Small memory, sure. Strange word lengths (not really that much of a
problem for C, admittedly). Some of these things don't have pointers in
the usual sense, let alone subroutine call stacks. Their arithmetic
usually doesn't match C's (integer only, usually with saturation on
overflow, freqently with different word lengths for data, coefficient and
result.

(A few I can recall having been proposed are: tiny amounts of storage,
Harvard architecture, and lack of programmer-accessible stack. Funnily
enough, these are characteristics possessed by chips for which I compile
C code every day.)

Apart from the reasons that I mentioned, the biggest one is simply utility
and man-power. No-one is building C compilers for these things because
no-one could or would use one if it existed: the hardware is tuned to do a
particular class of (fairly simple) thing, and that's easy enough to code
up in assembler. Easier than figuring out how to write a C compiler for
it, anyway.

Cheers,

Michael N. Moran · Mar 12, 2006

Jordan said:
and, of course, a decent-sized library]

Off topic? Yes. But, I it bothers me when we confuse the
language with the supporting libraries.

--
Michael N. Moran (h) 770 516 7918
5009 Old Field Ct. (c) 678 521 5460
Kennesaw, GA, USA 30144 http://mnmoran.org

"So often times it happens, that we live our lives in chains
and we never even know we have the key."
The Eagles, "Already Gone"

The Beatles were wrong: 1 & 1 & 1 is 1

James Dow Allen · Mar 12, 2006

Dik said:
This was however not done on any of the 1's complement machines I have
worked with. The +0 preferent machines (CDC) just did not generate it
in general. ..

The CDC 6400 and 6600 used "complement recomplement arithmetic."
The only way to get -0 as the result of integer arithmetic was to start
with
-0, i.e. (-0)+(-0) = -0 and (-0)-(+0) = -0.

The normal way to copy a B-register was to write, e.g. SB6, B5
(IIRC) which generated the same machine opcode as SB6, B5+B0.
(B0 was an always-zero register.) Hence SB6, B5 was not guaranteed
to copy B5 exactly! Instead SB6, B5-B0 should be coded.

Since there were fast tests for negative and zero, using both +0 and -0
as flags for testing was a micro-optimization sometimes useful for
speed.

James Dow Allen

David Holland · Mar 13, 2006

>> On 2006-03-07 said:
>> On 2006-03-07 said:

>>> [...] but I'm sincerely curious whether anyone knows of an *actual*
>>> environment where p == s will ever be false after (p = s-1; p++).

Click to expand...

>>
>> The problem is that evaluating s-1 might cause an underflow and a
>> trap, and then you won't even reach the comparison. You don't
>> necessarily have to dereference an invalid pointer to get a trap.
>>
>> You might hit this behavior on any segmented architecture (e.g.,
>> 80286, or 80386+ with segments on) ...

Click to expand...

>
> I'm certainly no x86 expert. Can you show or point to the output
> of any C compiler which causes an "underflow trap" in this case?

Have you tried bounds-checking gcc?

I don't think I've ever myself seen a compiler that targeted 286
protected mode. Maybe some of the early DOS-extender compilers did,
before everyone switched to 386+. If you can find one and set it to
generate code for some kind of "huge" memory model (supporting
individual objects more than 64K in size) I'd expect it to trap if you
picked a suitable location for `s' to point to.

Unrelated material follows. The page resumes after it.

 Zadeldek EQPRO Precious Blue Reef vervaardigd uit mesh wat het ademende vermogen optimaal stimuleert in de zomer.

That assumes you can find a 286 to run it on, too.

Otherwise, I don't know of any, but I'm hardly an expert on strange
platforms.

(Note: Coherent was a 286 protected mode platform, but it only
supported the "small" memory model... and it had a K&R-only compiler,
so it's not a viable example.)

Richard Bos · Mar 13, 2006

Michael N. Moran said:
Jordan said:

and, of course, a decent-sized library]

Click to expand...

Off topic? Yes. But, I it bothers me when we confuse the
language with the supporting libraries.

As long as we're talking about C, they are part of the same Standard.
You can get a freestanding implementation which is allowed not to
implement much of the Standard, but that doesn't make those parts any
less C.

Richard

Richard Bos · Mar 13, 2006

Jordan Abel said:
Overflow's undefined, so what's wrong here?

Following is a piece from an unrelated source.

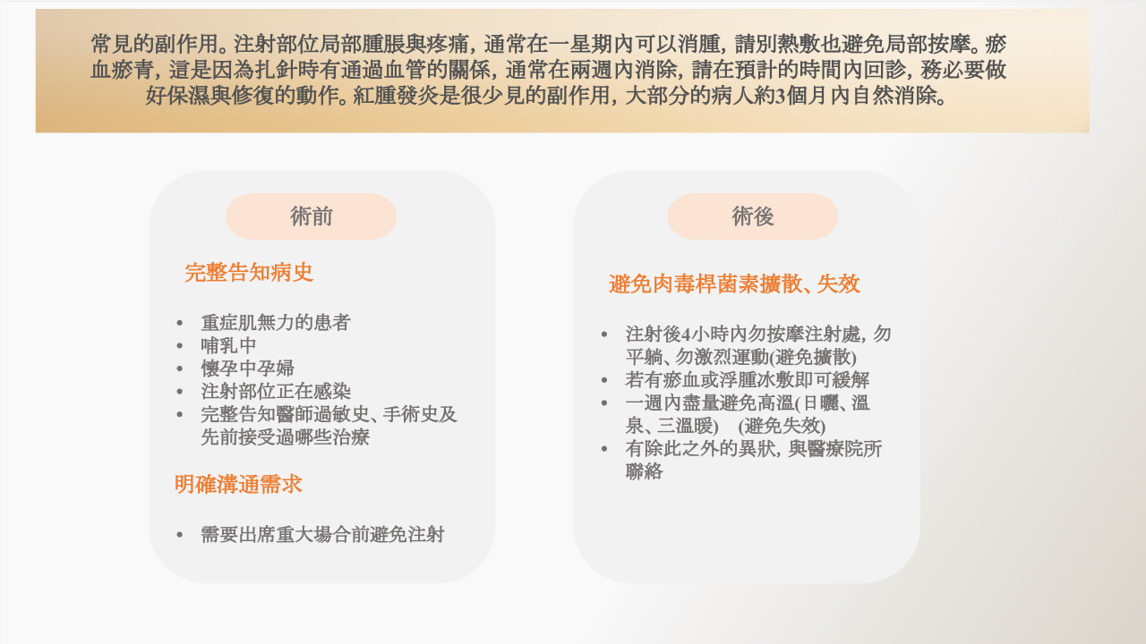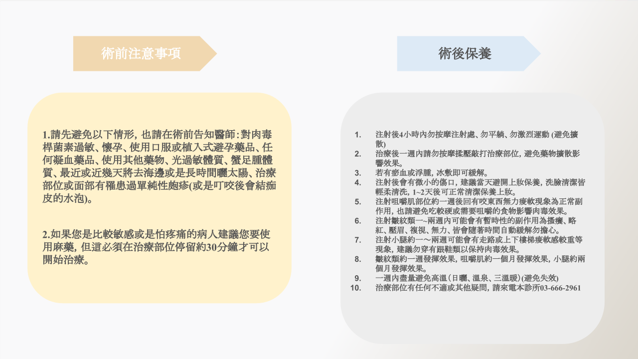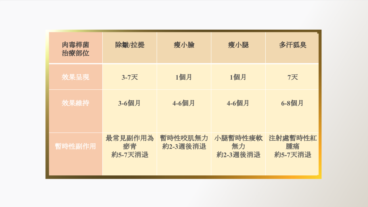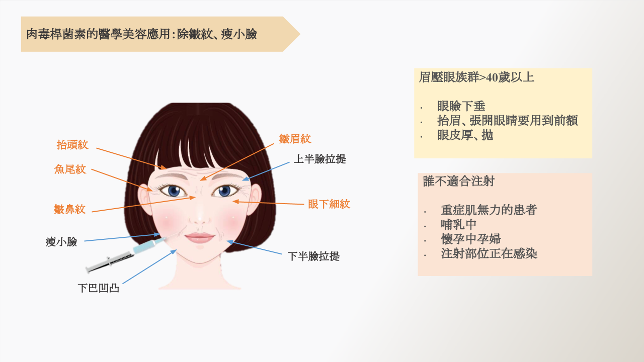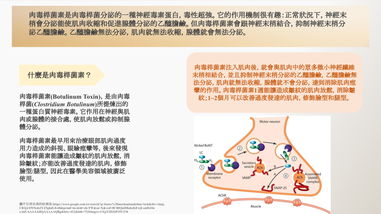 一般來說,人體的神經末梢會分泌促進肌肉收縮的乙醯膽鹼。 當注射了肉毒桿菌,肉毒桿菌會跟神經末梢結合,抑制神經末梢分泌乙醯膽鹼,這樣一來肌肉就無法收縮,便可達成抑制咀嚼肌/瘦臉、抑制小腿肌過度發達、抑制腋下汗腺過度排汗/消除狐臭、或是麻痺鬆弛的皮下神經達成除皺的效果。 目前台灣經衛生署核准的A型肉毒桿菌毒素共有三種:Dysport、Xeomin、BOTOX,各有不同特點,適合哪種肉毒桿菌素,仍需針對不同部位及適應症,依照專業醫師的判斷和技術,才能獲得理想的治療成果。

If the saturation also occurs for unsigned integers, you're going to
have a pain of a time implementing C's wraparound-on-unsigned-overflow
behaviour.

Richard

Allan Herriman · Mar 13, 2006

Overflow's undefined, so what's wrong here?

I don't know what that is, so I have no idea how it would affect the
ability for there to be a conforming implementation

http://www.google.com.au/search?q=bit-reversed+addressing
(First hit)

Bit reversed addressing is just another addressing mode that's simple
to access from assembly language. Do you think that this could be
generated by a C compiler?

Bit reversed addressing is used in the calculation of an FFT (and
almost nowhere else).

Regards,
Allan

Paul Burke · Mar 13, 2006

Mark said:
A freestanding C implementation does, however, still have a C
compiler. I'm curious which processors Andrew Reilly claims "will
never have a C compiler", and why he makes that claim.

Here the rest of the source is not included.